§ EXERCISE GOAL
An exact copy of the lines from the start of the material below through the line containing "綜合報道,事件發生於去年2月" is the required answer, and it includes no pictures.

━━━━━ RECORDS SUPPLIED

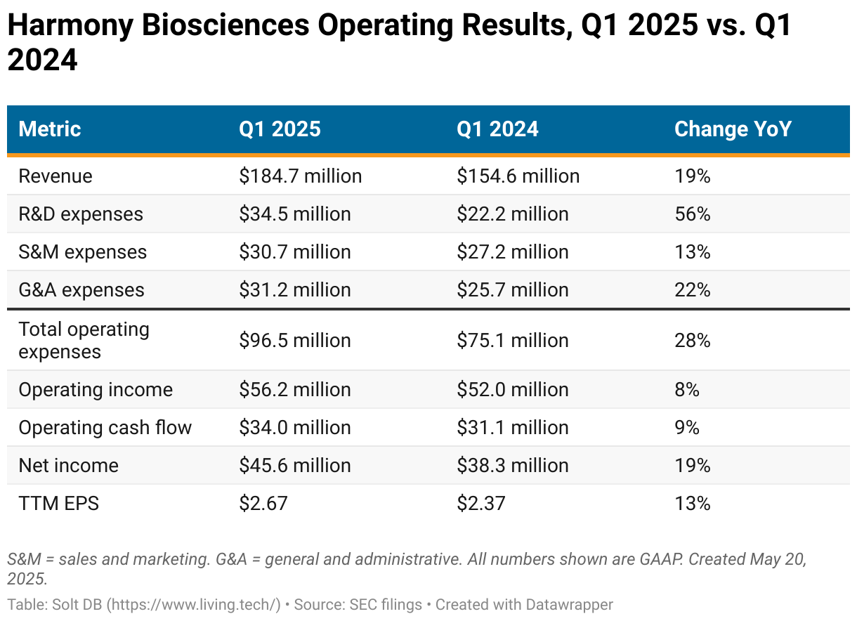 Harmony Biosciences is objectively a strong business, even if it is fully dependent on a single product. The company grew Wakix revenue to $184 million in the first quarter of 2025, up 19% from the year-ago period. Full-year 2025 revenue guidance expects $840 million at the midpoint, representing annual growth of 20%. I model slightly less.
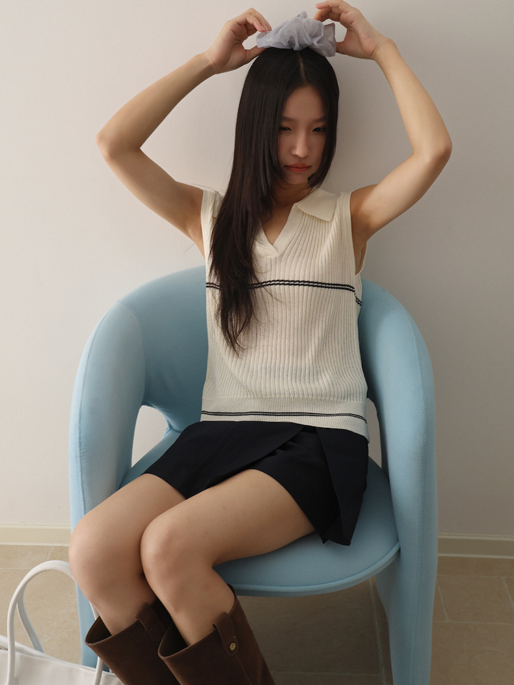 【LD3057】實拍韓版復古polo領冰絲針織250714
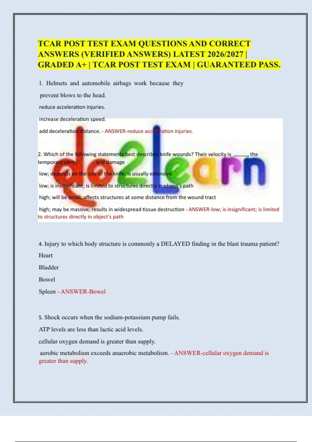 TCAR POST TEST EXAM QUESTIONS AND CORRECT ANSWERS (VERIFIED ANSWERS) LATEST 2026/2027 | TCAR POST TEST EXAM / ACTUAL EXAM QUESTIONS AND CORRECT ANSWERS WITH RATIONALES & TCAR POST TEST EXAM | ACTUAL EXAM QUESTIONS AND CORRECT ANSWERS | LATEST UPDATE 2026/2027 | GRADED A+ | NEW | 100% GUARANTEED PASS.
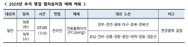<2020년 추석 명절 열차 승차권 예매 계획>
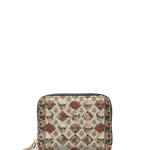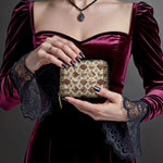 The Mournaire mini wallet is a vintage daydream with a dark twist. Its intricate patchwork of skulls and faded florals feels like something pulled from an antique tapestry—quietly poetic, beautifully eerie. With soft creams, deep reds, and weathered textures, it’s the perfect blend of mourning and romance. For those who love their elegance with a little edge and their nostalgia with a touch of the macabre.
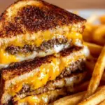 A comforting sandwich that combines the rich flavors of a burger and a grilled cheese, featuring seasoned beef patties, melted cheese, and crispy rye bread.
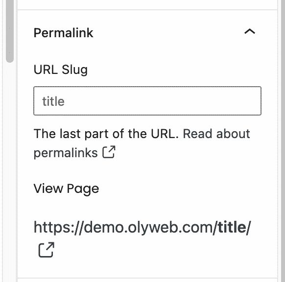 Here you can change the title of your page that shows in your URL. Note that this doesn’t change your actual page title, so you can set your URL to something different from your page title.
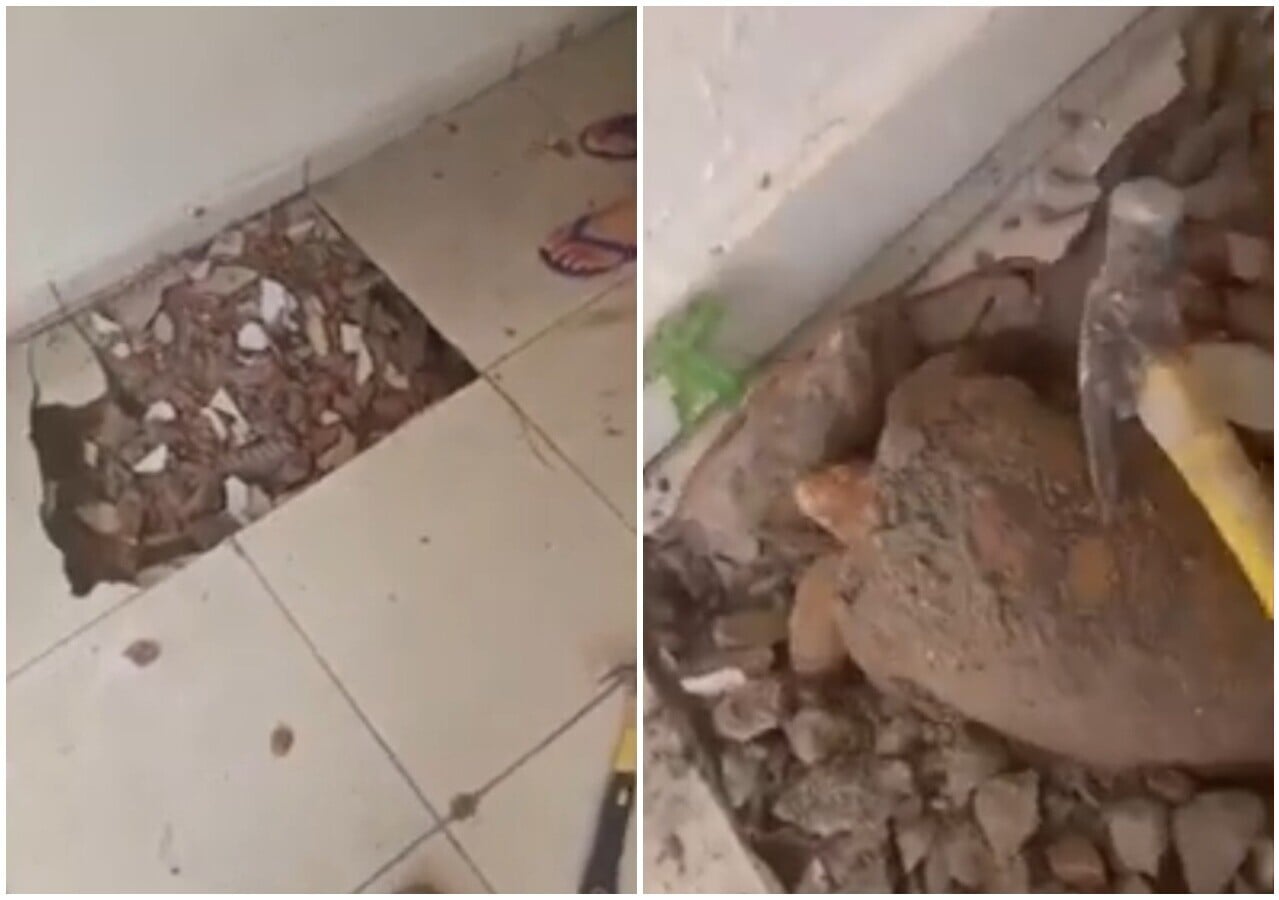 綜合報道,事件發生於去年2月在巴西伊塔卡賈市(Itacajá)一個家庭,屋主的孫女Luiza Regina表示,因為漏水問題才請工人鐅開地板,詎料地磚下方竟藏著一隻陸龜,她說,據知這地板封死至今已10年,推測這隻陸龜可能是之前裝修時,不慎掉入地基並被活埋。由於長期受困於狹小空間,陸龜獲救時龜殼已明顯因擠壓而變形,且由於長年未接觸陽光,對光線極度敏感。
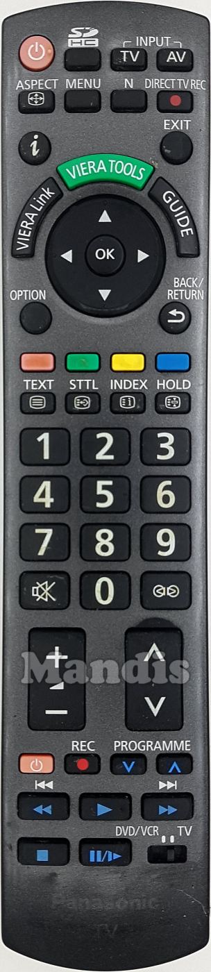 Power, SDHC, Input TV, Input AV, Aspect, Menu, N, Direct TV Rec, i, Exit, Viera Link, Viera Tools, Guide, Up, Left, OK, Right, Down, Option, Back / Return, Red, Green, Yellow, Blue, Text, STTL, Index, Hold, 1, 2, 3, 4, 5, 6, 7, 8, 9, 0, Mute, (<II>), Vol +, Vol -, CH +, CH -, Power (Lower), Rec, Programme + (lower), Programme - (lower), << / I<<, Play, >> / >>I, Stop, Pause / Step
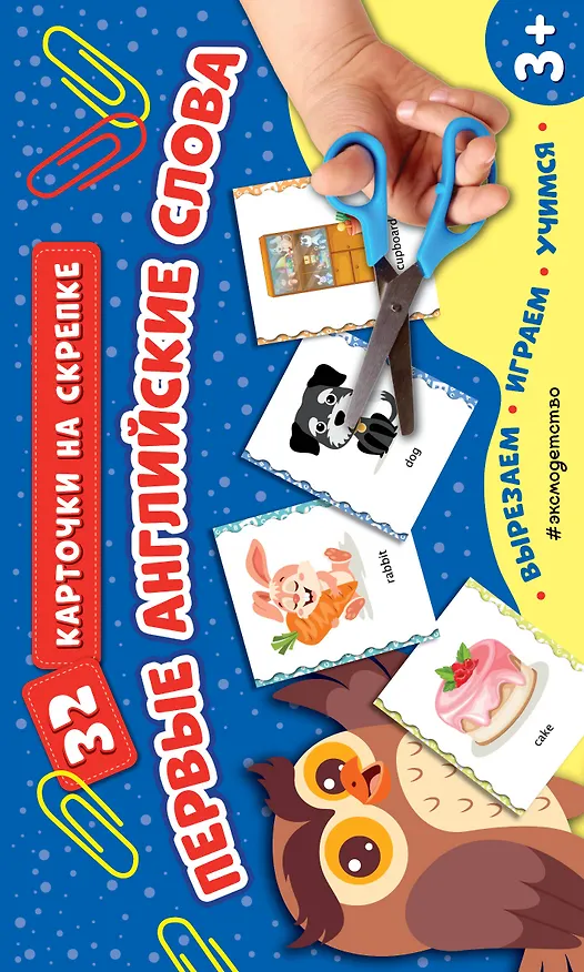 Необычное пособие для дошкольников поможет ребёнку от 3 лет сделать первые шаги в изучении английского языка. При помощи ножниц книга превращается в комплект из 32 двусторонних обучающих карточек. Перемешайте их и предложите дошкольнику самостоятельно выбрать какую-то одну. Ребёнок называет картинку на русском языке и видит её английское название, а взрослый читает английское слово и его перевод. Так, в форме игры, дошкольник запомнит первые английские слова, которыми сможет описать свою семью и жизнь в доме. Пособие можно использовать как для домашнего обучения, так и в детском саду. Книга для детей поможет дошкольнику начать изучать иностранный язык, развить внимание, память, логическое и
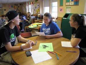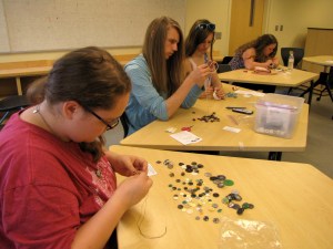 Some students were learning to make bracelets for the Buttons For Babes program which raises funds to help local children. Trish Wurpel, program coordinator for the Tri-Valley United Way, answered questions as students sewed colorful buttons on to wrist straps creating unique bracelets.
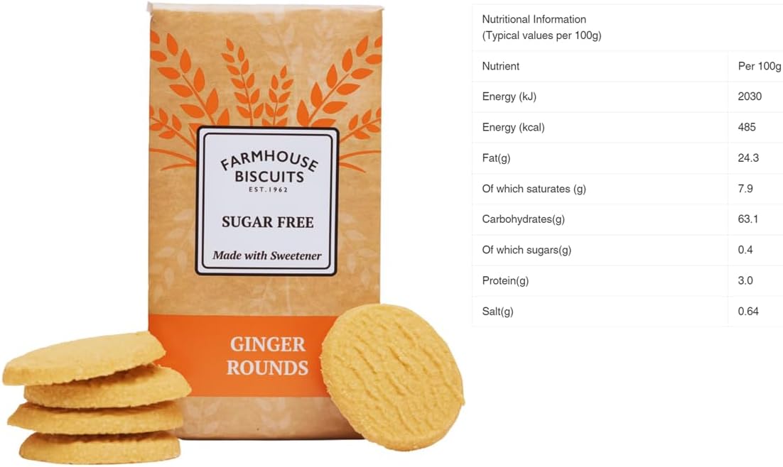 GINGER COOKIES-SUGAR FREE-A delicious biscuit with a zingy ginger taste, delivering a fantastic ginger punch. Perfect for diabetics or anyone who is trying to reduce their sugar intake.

━━━━━━━━━━

§ ANSWER FOR THIS EXERCISE
 Harmony Biosciences is objectively a strong business, even if it is fully dependent on a single product. The company grew Wakix revenue to $184 million in the first quarter of 2025, up 19% from the year-ago period. Full-year 2025 revenue guidance expects $840 million at the midpoint, representing annual growth of 20%. I model slightly less.
 【LD3057】實拍韓版復古polo領冰絲針織250714
 TCAR POST TEST EXAM QUESTIONS AND CORRECT ANSWERS (VERIFIED ANSWERS) LATEST 2026/2027 | TCAR POST TEST EXAM / ACTUAL EXAM QUESTIONS AND CORRECT ANSWERS WITH RATIONALES & TCAR POST TEST EXAM | ACTUAL EXAM QUESTIONS AND CORRECT ANSWERS | LATEST UPDATE 2026/2027 | GRADED A+ | NEW | 100% GUARANTEED PASS.
<2020년 추석 명절 열차 승차권 예매 계획>
 The Mournaire mini wallet is a vintage daydream with a dark twist. Its intricate patchwork of skulls and faded florals feels like something pulled from an antique tapestry—quietly poetic, beautifully eerie. With soft creams, deep reds, and weathered textures, it’s the perfect blend of mourning and romance. For those who love their elegance with a little edge and their nostalgia with a touch of the macabre.
 A comforting sandwich that combines the rich flavors of a burger and a grilled cheese, featuring seasoned beef patties, melted cheese, and crispy rye bread.
 Here you can change the title of your page that shows in your URL. Note that this doesn’t change your actual page title, so you can set your URL to something different from your page title.
 綜合報道,事件發生於去年2月在巴西伊塔卡賈市(Itacajá)一個家庭,屋主的孫女Luiza Regina表示,因為漏水問題才請工人鐅開地板,詎料地磚下方竟藏著一隻陸龜,她說,據知這地板封死至今已10年,推測這隻陸龜可能是之前裝修時,不慎掉入地基並被活埋。由於長期受困於狹小空間,陸龜獲救時龜殼已明顯因擠壓而變形,且由於長年未接觸陽光,對光線極度敏感。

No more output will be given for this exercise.